How to complete this task:
Exact copy, no pictures: set down every entry below as written.

Provided data:
* * *
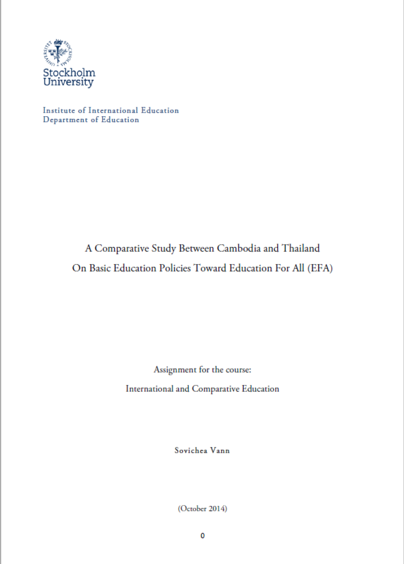 ទស្សនៈរបស់មាតាបិតាសិស្សចំពោះតួនាទីរបស់ខ្លួនក្នុងការចូលរួមចំណែកជួយការអប់រំនិងការសិក្សារបស់កូននៅមធ្យមសិក្សាទុតិយភូមិ(ករណីសិក្សានៅរាជធានីភ្នំពេញ)
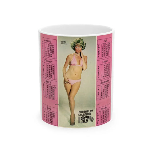 Veronica Carlson #132 - Vintage 17x11 Color Pink Bikini Full Body Cheesecake Photoplay Centerfold Magazine Calender 1974 (Vintage Female Icon) White Coffee Mug
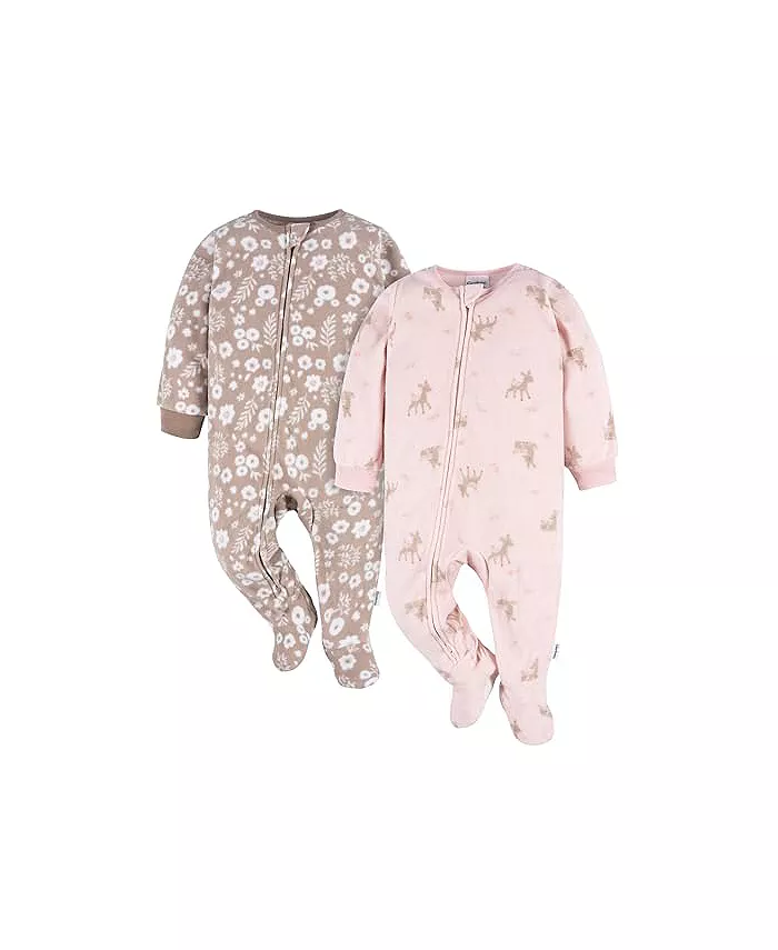 Пижама-комбинезон с ножками для девочек, 2 шт Gerber, розовый
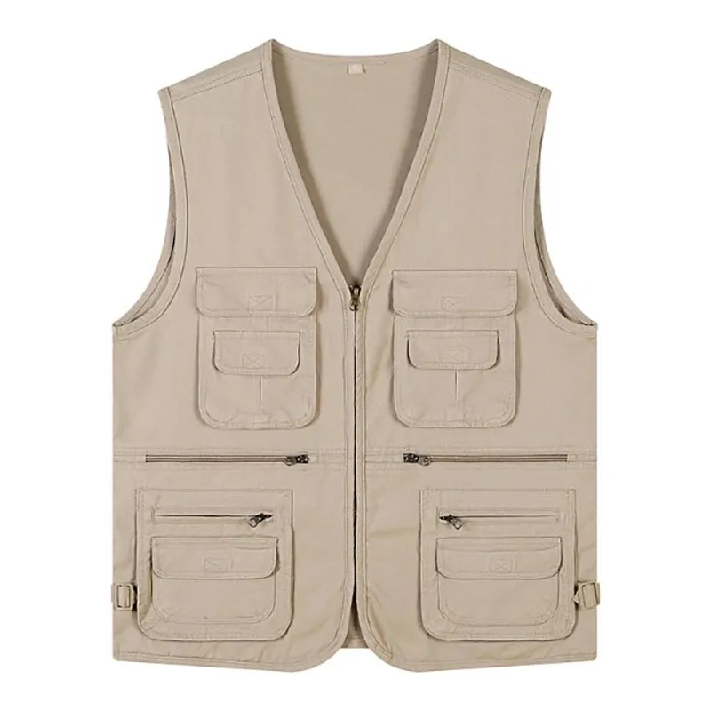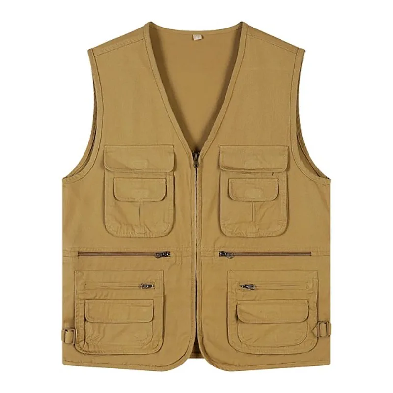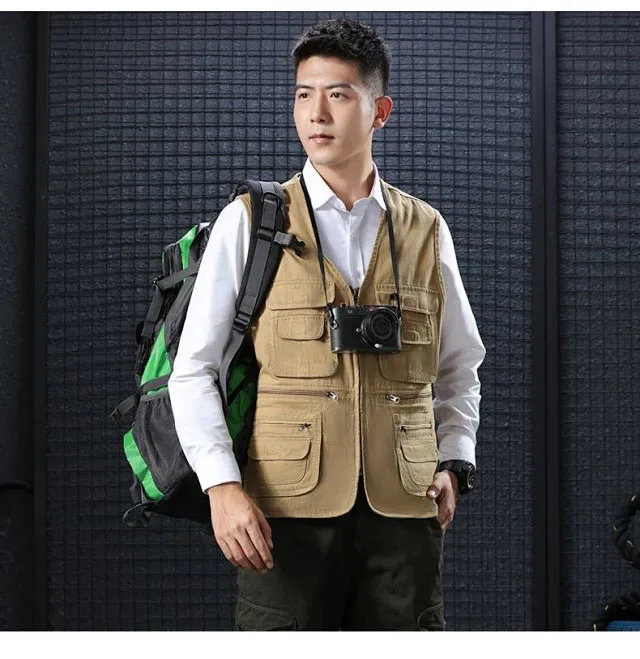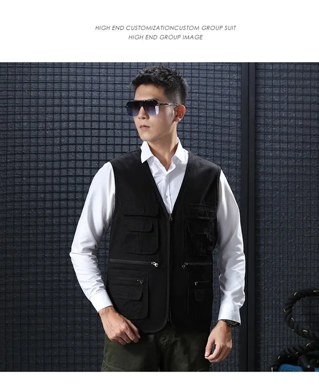 Colete de algodão sem mangas com bolsos múltiplos para homens, colete de fotografia, casual masculino para pesca, tamanho grande, muitos bolsos, novo, verão 2019, 16
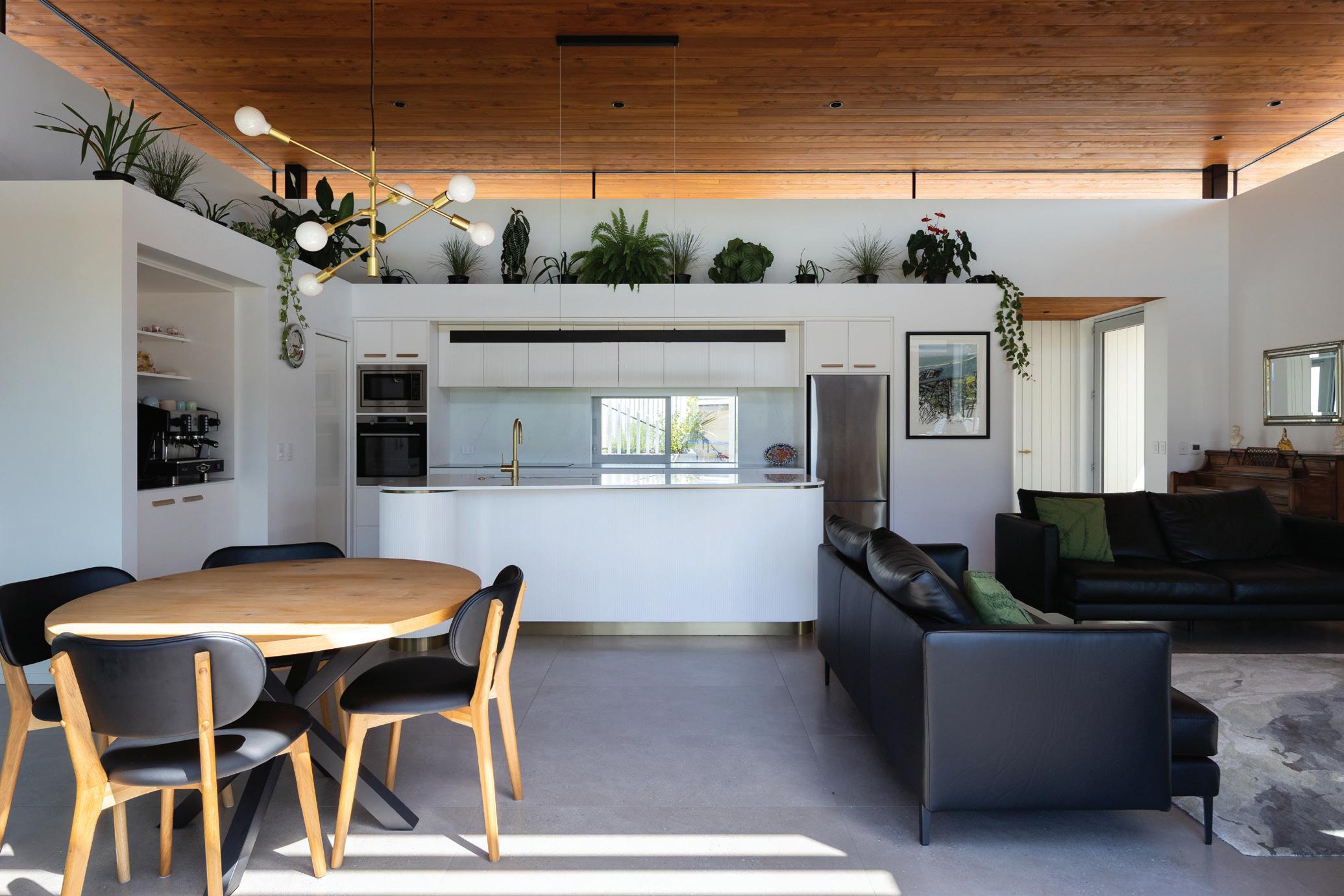 Though modest in footprint, the home feels generous thanks to its layered detailing and carefully considered features. The covered outdoor area, complete with a Stratco Lourve system and external blinds, creates what Brittany calls “an additional room where you can spill out from the main living area into”. Yet it is the roof which remains the defining feature. “Not only does it look great and make the otherwise compact space feel roomy, it also does the job with 800mm eave overhangs to protect the house thermally by restricting sunlight access during the hot summer months and allowing in the sun during the cold winter months,” Brittany reflects. www.staplearchitecture.co.nz
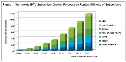 2008 年第四季度和 2009 年第一季度,IPTV 用戶分別增加了250萬和230萬戶。 考慮到這兩個季度被視為當(dāng)前這場經(jīng)濟危機最嚴(yán)重的階段,這是非常驚人的增長。
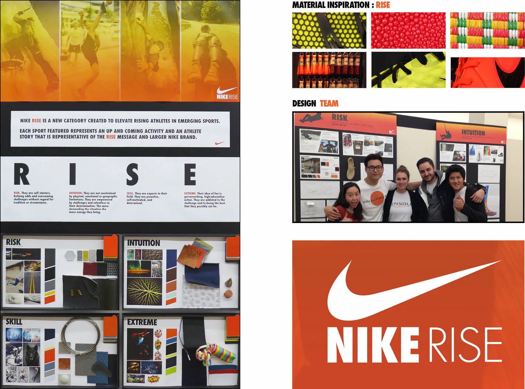 Nike RISE was a collaborative project executed by four designers during the 2014 Pensole Footwear Design workshop. Nike sponsored the effort, and the team was given free reign to create a project best suited to Nike’s core strengths and interests. Based on emerging trends, we formed a new sub brand promoting the rising stars in new extreme sports. As the Color + Material Design lead, I created the new brand identity and CMF platform to support my team of footwear designers.
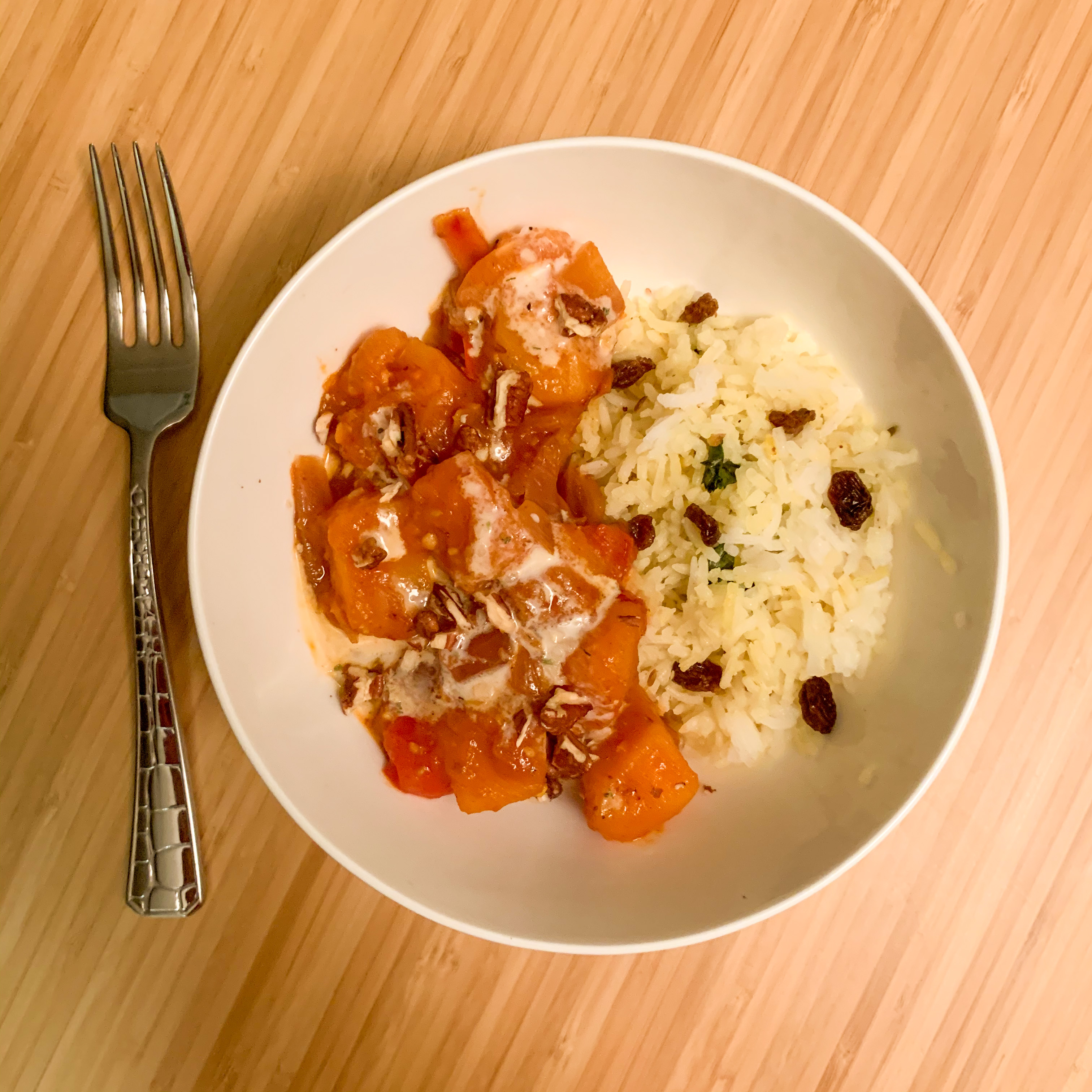 Once pumpkin is cooked, transfer to a large bowl and drizzle yogurt sauce on top. Top with other items like nuts or cilantro if desired. Best served with warm bread, like pita, or rice pilaf.
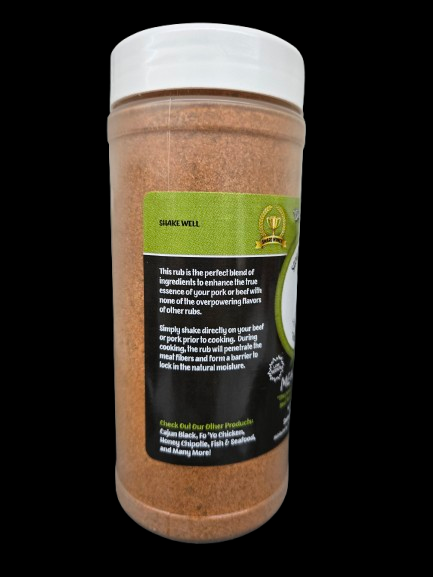 This rub is the perfect blend of ingredients to enhance the true essence of any meat with none of the overpowering flavors and sodium of other rubs. Simply shake directly on your the meat prior to cooking and allow it to sweat out. During this time, the proprietary blend of spices and seasonings will penetrate the meat fibers and form a barrier to lock in the meat's natural moisture and flavor.
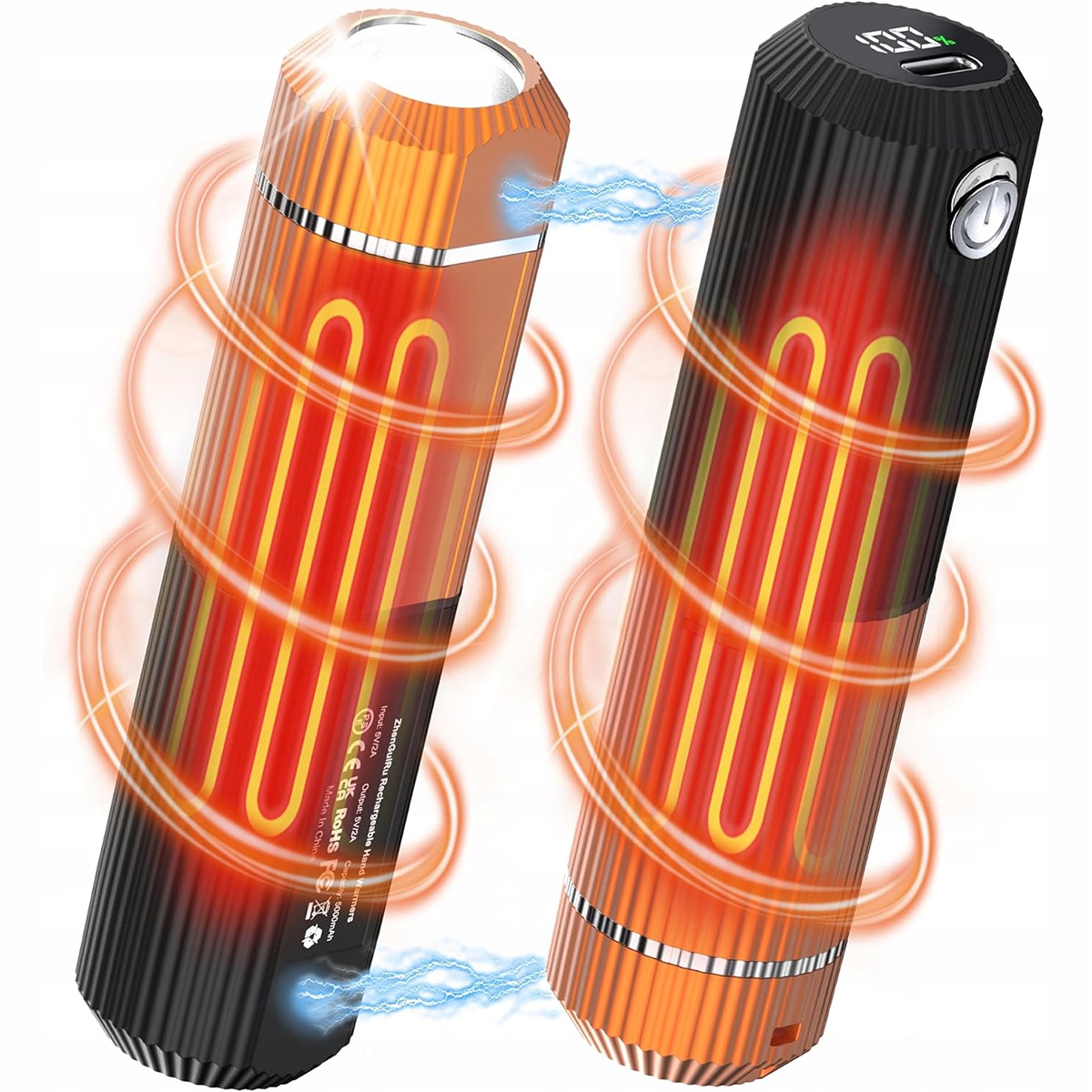 ✨✨Магнітні грілки для рук 3-в-1, акумуляторні, 10000 мАг (5000 мАг*2), 2 шт. електричні грілки для рук із ліхтариком, портативні кишенькові грілки для рук, 5 рівнів нагріву, теплий подарунок для катання на лижах на відкритому повітрі для жінок і чоловіків (чорний і помаранчевий)
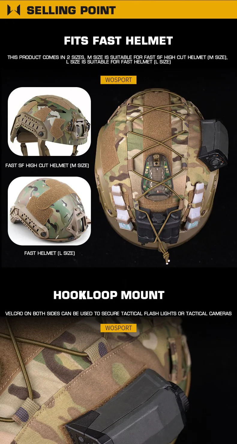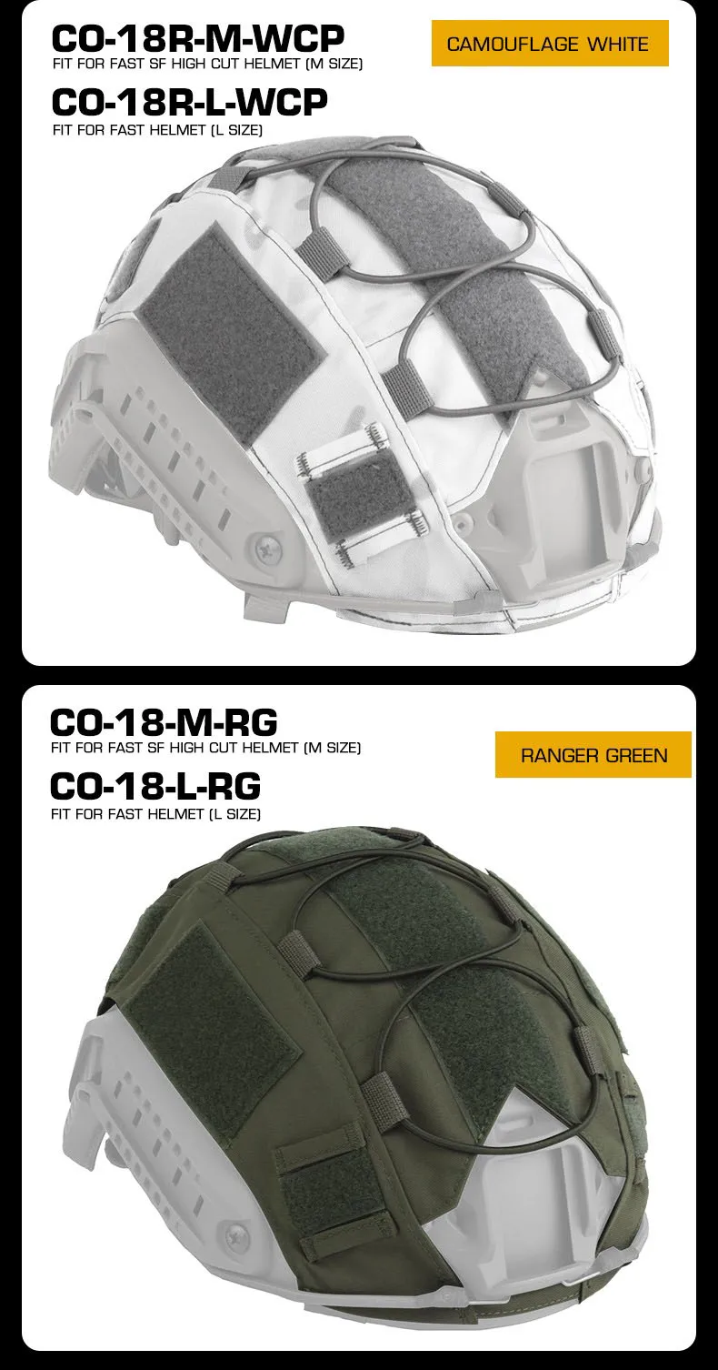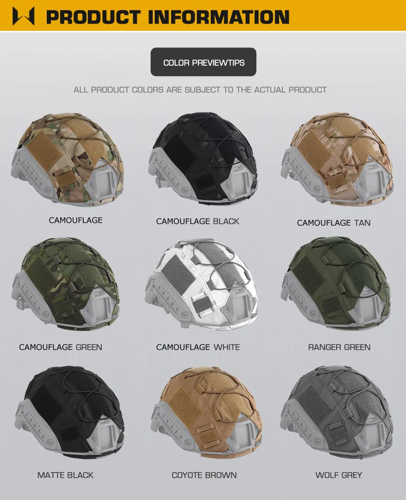 Nombre: Tela para casco RÁPIDO Marca: WOSPORT Color: Camuflaje negro/Camuflaje/Camuflaje verde/Camuflaje tostado/Camuflaje blanco/Negro/Marrón coyote Verde Ranger/Gris lobo Material principal: tela de nailon Escenarios aplicables: actividades de equipo, accesorios de cine y televisión, juegos tácticos.
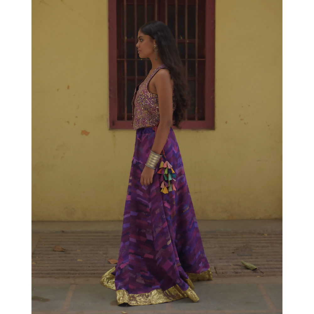 - This exquisitely crafted lehenga showcases a patchwork design that combines a variety of textiles, such as silks, satins, brocades, chikankari, prints, and hand weaves. Every patch narrates a tale about sustainable fashion and traditional creative forms.The lehenga has a captivating visual impact since it displays a range of purple hues, from subtle lavender tones to deep royal purples.
* * *
Expected output:
 ទស្សនៈរបស់មាតាបិតាសិស្សចំពោះតួនាទីរបស់ខ្លួនក្នុងការចូលរួមចំណែកជួយការអប់រំនិងការសិក្សារបស់កូននៅមធ្យមសិក្សាទុតិយភូមិ(ករណីសិក្សានៅរាជធានីភ្នំពេញ)
 Veronica Carlson #132 - Vintage 17x11 Color Pink Bikini Full Body Cheesecake Photoplay Centerfold Magazine Calender 1974 (Vintage Female Icon) White Coffee Mug
 Пижама-комбинезон с ножками для девочек, 2 шт Gerber, розовый
 Colete de algodão sem mangas com bolsos múltiplos para homens, colete de fotografia, casual masculino para pesca, tamanho grande, muitos bolsos, novo, verão 2019, 16
 Though modest in footprint, the home feels generous thanks to its layered detailing and carefully considered features. The covered outdoor area, complete with a Stratco Lourve system and external blinds, creates what Brittany calls “an additional room where you can spill out from the main living area into”. Yet it is the roof which remains the defining feature. “Not only does it look great and make the otherwise compact space feel roomy, it also does the job with 800mm eave overhangs to protect the house thermally by restricting sunlight access during the hot summer months and allowing in the sun during the cold winter months,” Brittany reflects. www.staplearchitecture.co.nz
 2008 年第四季度和 2009 年第一季度,IPTV 用戶分別增加了250萬和230萬戶。 考慮到這兩個季度被視為當(dāng)前這場經(jīng)濟危機最嚴(yán)重的階段,這是非常驚人的增長。
 Nike RISE was a collaborative project executed by four designers during the 2014 Pensole Footwear Design workshop. Nike sponsored the effort, and the team was given free reign to create a project best suited to Nike’s core strengths and interests. Based on emerging trends, we formed a new sub brand promoting the rising stars in new extreme sports. As the Color + Material Design lead, I created the new brand identity and CMF platform to support my team of footwear designers.
 Once pumpkin is cooked, transfer to a large bowl and drizzle yogurt sauce on top. Top with other items like nuts or cilantro if desired. Best served with warm bread, like pita, or rice pilaf.
 This rub is the perfect blend of ingredients to enhance the true essence of any meat with none of the overpowering flavors and sodium of other rubs. Simply shake directly on your the meat prior to cooking and allow it to sweat out. During this time, the proprietary blend of spices and seasonings will penetrate the meat fibers and form a barrier to lock in the meat's natural moisture and flavor.
 ✨✨Магнітні грілки для рук 3-в-1, акумуляторні, 10000 мАг (5000 мАг*2), 2 шт. електричні грілки для рук із ліхтариком, портативні кишенькові грілки для рук, 5 рівнів нагріву, теплий подарунок для катання на лижах на відкритому повітрі для жінок і чоловіків (чорний і помаранчевий)
 Nombre: Tela para casco RÁPIDO Marca: WOSPORT Color: Camuflaje negro/Camuflaje/Camuflaje verde/Camuflaje tostado/Camuflaje blanco/Negro/Marrón coyote Verde Ranger/Gris lobo Material principal: tela de nailon Escenarios aplicables: actividades de equipo, accesorios de cine y televisión, juegos tácticos.
 - This exquisitely crafted lehenga showcases a patchwork design that combines a variety of textiles, such as silks, satins, brocades, chikankari, prints, and hand weaves. Every patch narrates a tale about sustainable fashion and traditional creative forms.The lehenga has a captivating visual impact since it displays a range of purple hues, from subtle lavender tones to deep royal purples.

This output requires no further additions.